To do: Pictures stay out of the output. Return exactly the lines below from the one with "- 5-column ledger" down to the one with "Of course, we", both included, and nothing more.

Exercise materials:
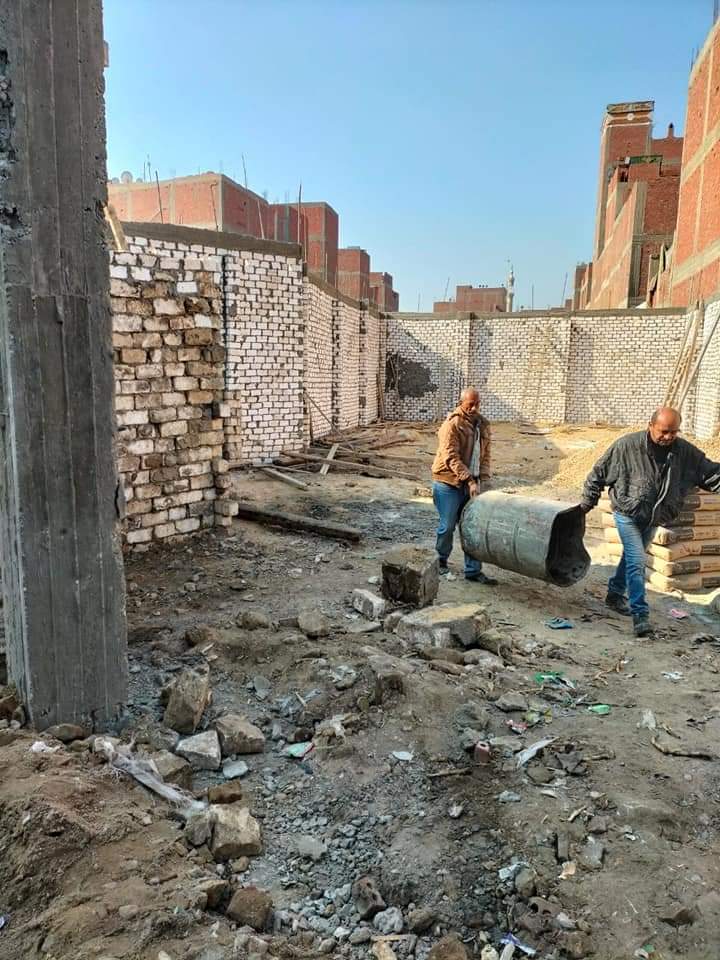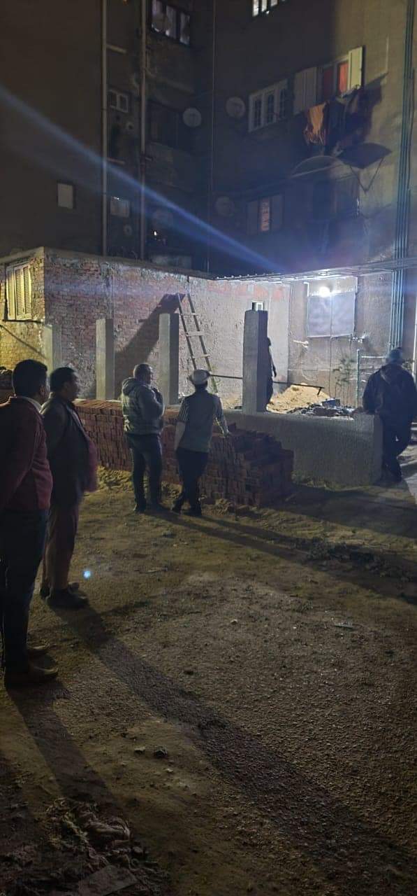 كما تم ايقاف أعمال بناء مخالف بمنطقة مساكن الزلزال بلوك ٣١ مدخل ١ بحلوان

* * *

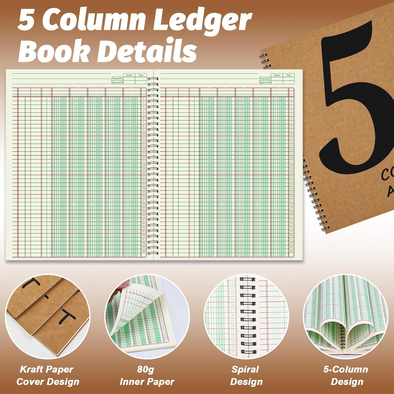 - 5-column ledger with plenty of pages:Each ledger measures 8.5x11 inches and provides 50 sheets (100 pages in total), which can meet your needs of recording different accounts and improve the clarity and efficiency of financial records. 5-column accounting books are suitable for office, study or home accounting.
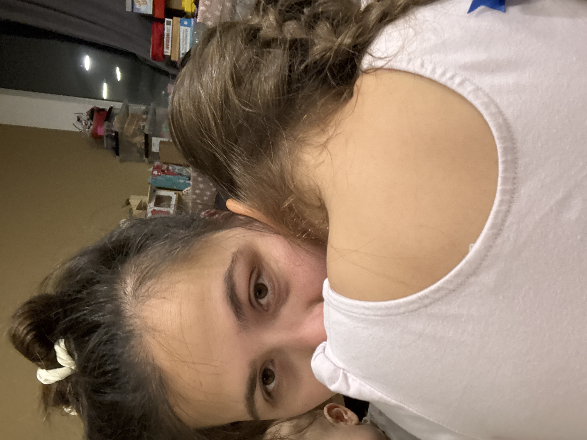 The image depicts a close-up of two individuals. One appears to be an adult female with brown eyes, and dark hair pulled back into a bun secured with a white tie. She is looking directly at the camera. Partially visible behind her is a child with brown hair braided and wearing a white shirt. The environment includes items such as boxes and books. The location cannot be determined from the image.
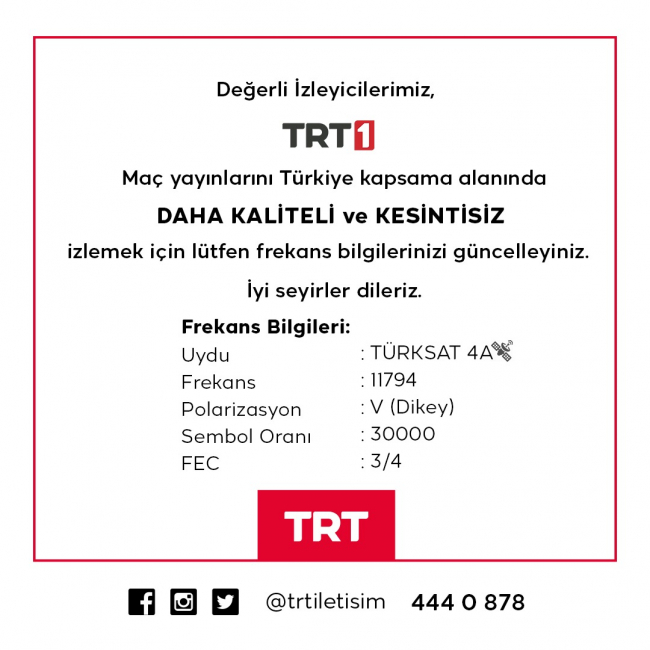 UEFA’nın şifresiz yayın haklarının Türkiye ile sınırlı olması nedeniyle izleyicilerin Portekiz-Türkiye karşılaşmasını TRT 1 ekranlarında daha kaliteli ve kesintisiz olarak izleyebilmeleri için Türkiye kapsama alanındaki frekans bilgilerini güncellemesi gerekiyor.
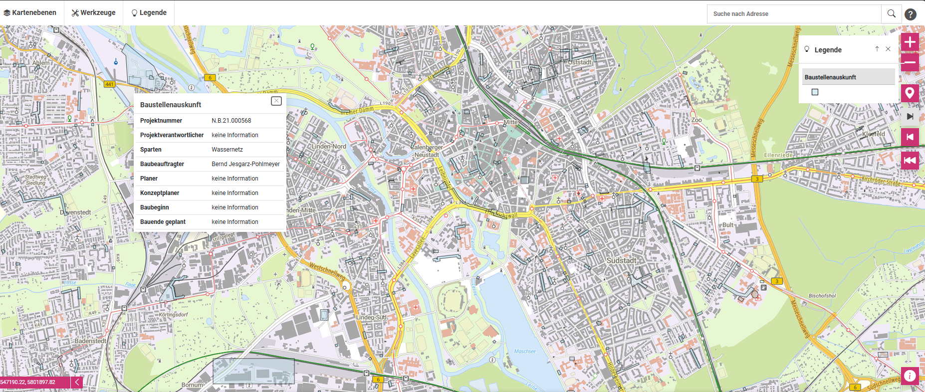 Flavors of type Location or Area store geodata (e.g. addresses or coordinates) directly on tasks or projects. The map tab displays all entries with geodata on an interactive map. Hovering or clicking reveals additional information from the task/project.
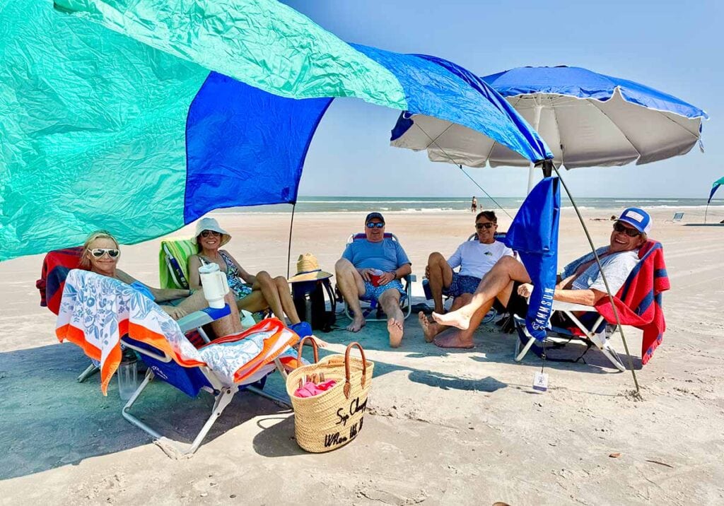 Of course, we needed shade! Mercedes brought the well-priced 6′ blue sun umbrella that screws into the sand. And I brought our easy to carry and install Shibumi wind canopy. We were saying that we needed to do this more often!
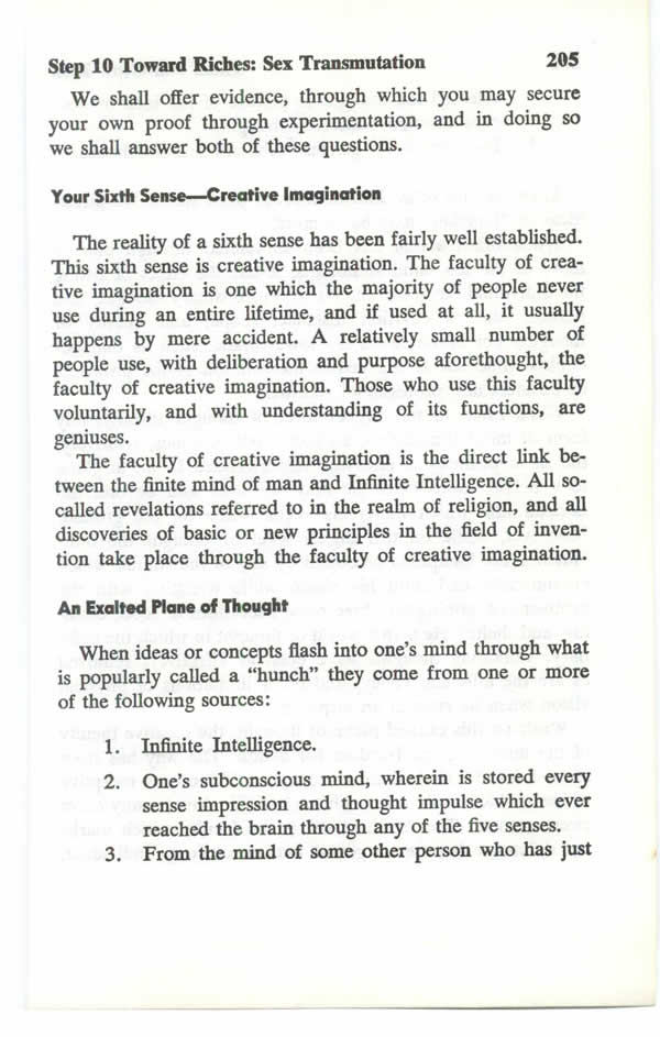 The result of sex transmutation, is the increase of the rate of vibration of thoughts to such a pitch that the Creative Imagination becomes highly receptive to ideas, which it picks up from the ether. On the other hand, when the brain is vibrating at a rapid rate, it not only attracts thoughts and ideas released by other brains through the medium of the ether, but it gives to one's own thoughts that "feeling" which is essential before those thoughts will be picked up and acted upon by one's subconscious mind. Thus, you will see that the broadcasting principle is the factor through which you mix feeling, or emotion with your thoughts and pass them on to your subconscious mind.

Response for this exercise:
 - 5-column ledger with plenty of pages:Each ledger measures 8.5x11 inches and provides 50 sheets (100 pages in total), which can meet your needs of recording different accounts and improve the clarity and efficiency of financial records. 5-column accounting books are suitable for office, study or home accounting.
 The image depicts a close-up of two individuals. One appears to be an adult female with brown eyes, and dark hair pulled back into a bun secured with a white tie. She is looking directly at the camera. Partially visible behind her is a child with brown hair braided and wearing a white shirt. The environment includes items such as boxes and books. The location cannot be determined from the image.
 UEFA’nın şifresiz yayın haklarının Türkiye ile sınırlı olması nedeniyle izleyicilerin Portekiz-Türkiye karşılaşmasını TRT 1 ekranlarında daha kaliteli ve kesintisiz olarak izleyebilmeleri için Türkiye kapsama alanındaki frekans bilgilerini güncellemesi gerekiyor.
 Flavors of type Location or Area store geodata (e.g. addresses or coordinates) directly on tasks or projects. The map tab displays all entries with geodata on an interactive map. Hovering or clicking reveals additional information from the task/project.
 Of course, we needed shade! Mercedes brought the well-priced 6′ blue sun umbrella that screws into the sand. And I brought our easy to carry and install Shibumi wind canopy. We were saying that we needed to do this more often!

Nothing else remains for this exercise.